Em entrevistas recentes, a modelo russa traçou com simplicidade a trajetória que a trouxe das paisagens austeras de uma aldeia soviética às capas das revistas de moda. Nascida em 1986, Irina Shayk percorreu as passarelas das grandes marcas internacionais, tornou-se rosto de campanhas globais e alargou o seu percurso à sétima arte, abrindo uma via entre moda, cinema e cultura pop. A sua história, porém, mantém uma raiz visível: “Mio padre era un minatore, coltivavamo verdure per sopravvivere”, recordou na entrevista ao Corriere della Sera — uma frase que em português soa como um pequeno aforismo sobre origem e persistência.
Ela mesma brincou com a possibilidade de ser convidada a cantar: “Spero che a Sanremo non mi facciano cantare, non so ancora leggere le note“, confessou — esperança e autoironia que humanizam a figura de ícone. Traduzindo, disse que espera não ter de cantar, pois ainda não sabe ler as notas musicais. É um lembrete delicado de que o espetáculo pode acolher perfis versáteis sem exigir que sejam especialistas em todas as artes.
A juventude de Irina Shayk desenhava-se longe das luzes: uma vida simples, sem carro, com a família a caminhar até aos campos para cultivar legumes que garantissem a sobrevivência do inverno, e uma televisão em preto e branco que nem sempre funcionava.
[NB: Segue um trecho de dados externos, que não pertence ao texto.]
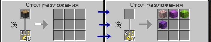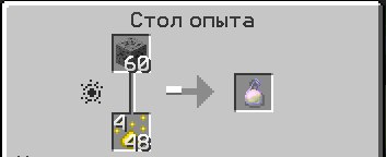 Этот стол позволит вам извлекать опыт из блоков, которые его содержат (например алмазный блок, угольный, блок красной пыли и т.д). В итоге вы получите в 3 раза больше опыта, чем если бы добывали предмет обычным способом.
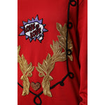 Dolce & Gabbana Red Cotton Queen Sequined Pullover Sweater
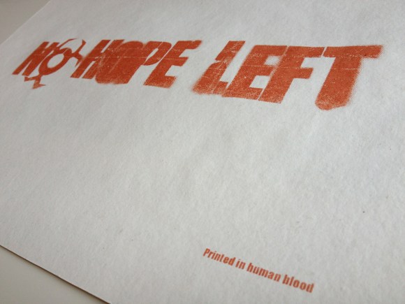 Después de que una enfermera sangrara de manera cuidadosa a los valientes, Emily Evans, artista especializada en ilustración médica, creó la pantalla de serigrafía con el claim de Resident Evil 6 “No Hope Left y una inscripción en la que se indicaba que el póster estaba impreso con sangre humana. Aunque, como la misma Miss CakeHead comenta en su blog, al ir el cartel acompañado por un paquete que rezaba “carne humana”, lógicamente, no era la parte más perturbadora del envío.
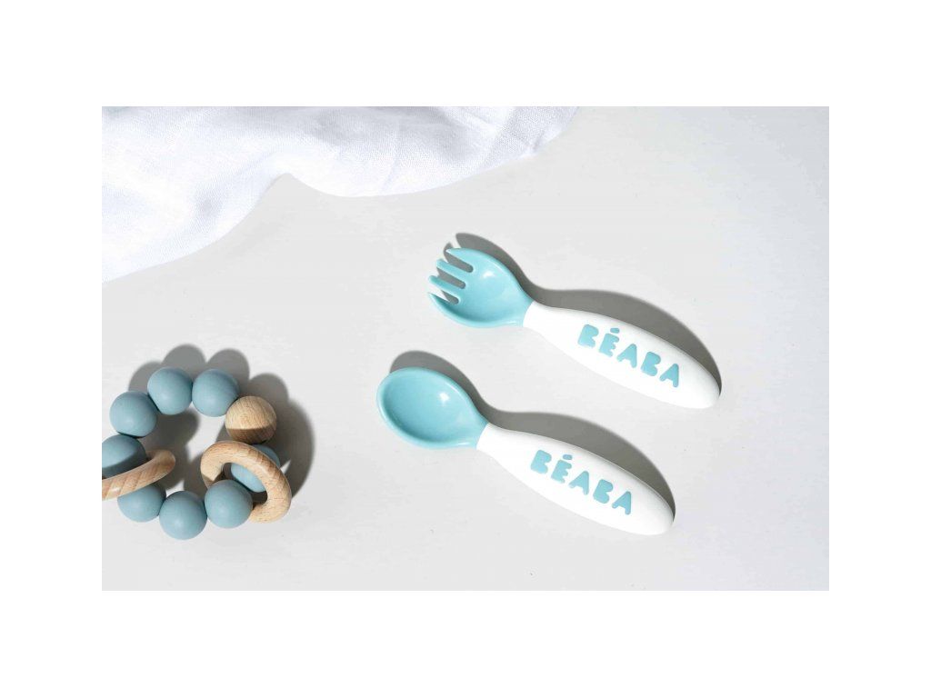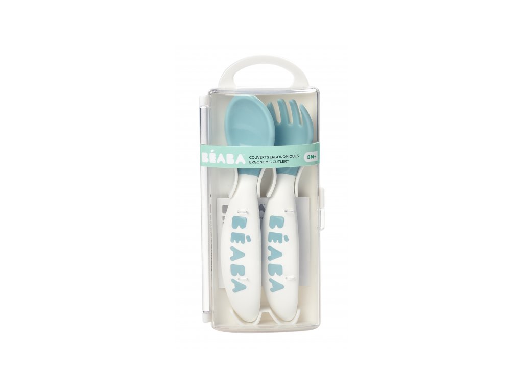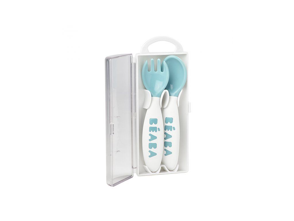 Plastová lyžička a vidlička na prvé samostatné kŕmenie má ideálny tvar pre detské ústa. Tvar držadla uľahčuje dieťaťu držanie lyžičky aj vidličky a je vhodný pre pravákov aj ľavákov. Praktické puzdro umožňuje hygienické prenášanie lyžičky a vidličky napríklad v prebaľovacej taške.
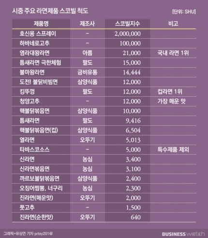 그래서 맵기를 측정하는 스코빌지수를 기준으로 현재 우리나라에서 출시되는 라면의 스코빌 지수를 정리한 자료를 찾아봤습니다.
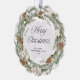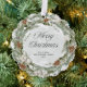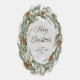 This stunning holiday ornament card features a Christmas wreath with elegant botanical greenery foliage, and pine cones with festive white flowers. Modern script calligraphy says "Merry Christmas," and a subtle, sage green watercolor splash decorates the centre of the wreath. The back has a matching design with room to add a personal message.
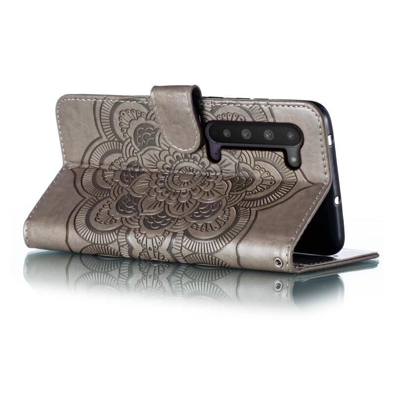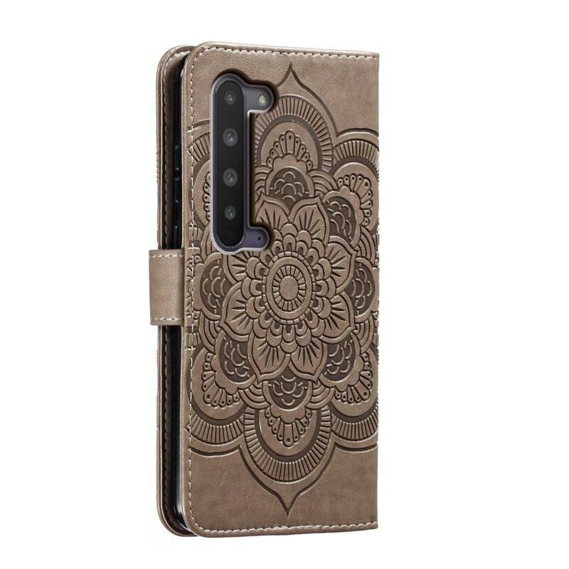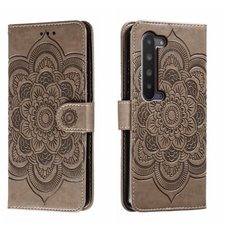 Για Sharp Aquos R5G Sun Mandala ανάγλυφο μοτίβο τηλέφωνο δερμάτινη θήκη (γκρι)

Hoje, apesar do sucesso, a modelo reafirma que o essencial é «saber quem és, recordar de onde vens e manter os pés no chão» — uma máxima que soaria bem em qualquer roteiro de coming-of-age, só que real e ainda em curso.
Do ponto de vista cultural, a presença de Irina no palco de Sanremo funciona como um pequeno reframe da tradição do festival: a estética da moda e a semiótica do estrelato atravessam a música e vice‑versa. Ao trazer uma personalidade com ligação a diferentes universos — passarelas, cinema, cobertura mediática internacional e relacionamentos de alto perfil (mencionou-se, por exemplo, o seu passado com Bradley Cooper) — o festival sinaliza uma leitura contemporânea do evento, que deixa de ser apenas competição musical para se tornar um cenário de transformação onde identidades são performadas e reposicionadas.
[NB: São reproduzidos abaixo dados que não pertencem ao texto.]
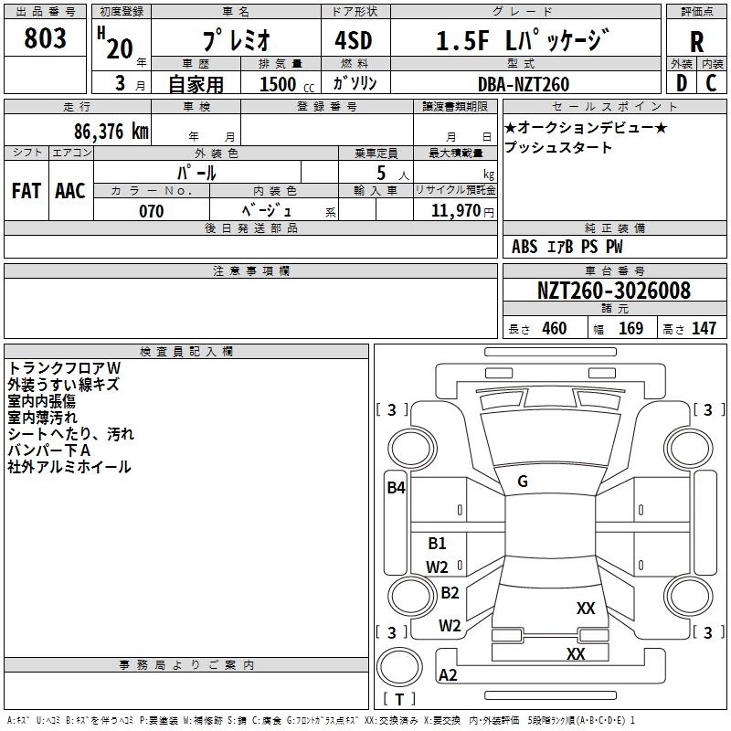 TOYOTA PREMIO 2008 г., лот № 803
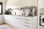 Grovkök/tvättstuga med två tvättmaskiner, torktumlare, tvättho, varmvattenberedare och bra med förvaringsutrymme och arbetsytor. Praktiskt med utgång till trädgård.
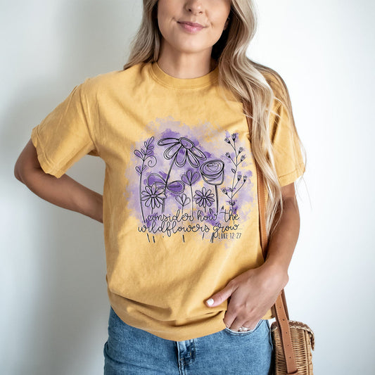 Consider How The Wildflowers Grow Spiral Luke 12:27 Tee Shirts For Women - Christian Shirts for Women - Religious Tee Shirts
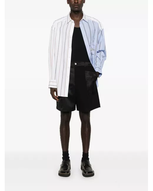 black patchwork design dragon-motif jacquard panelling belt loops two front pouch pockets rear welt pocket concealed fly and button fastening
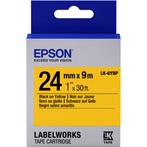Epson LK-6YBP, Must kollasel taustal, Jaapan, LabelWorks LW-1000P LabelWorks LW-600P LabelWorks LW-700 LabelWorks LW-900P, 2,4 cm, 9 m, 1 tk

Em termos práticos, a sua participação deverá atrair não só o público tradicional do Teatro Ariston como também audiências internacionais curiosas pelo encontro entre moda e música italiana. E enquanto Pantani encarna a sátira elegante de Lapo Elkann, Irina oferece presença e memórias — uma tensão produtiva entre imagem e origem que convida o espectador a olhar além da superfície.
Será interessante observar como a noite se desenrola: se o festival permitirá que Irina permaneça na esfera do charme e da confidência pessoal, ou se haverá convites para performances fora do seu repertório. De qualquer modo, a sua participação reafirma uma tendência contemporânea: grandes palcos são, hoje, plataformas híbridas onde o conteúdo cultural reflete e refrata o zeitgeist.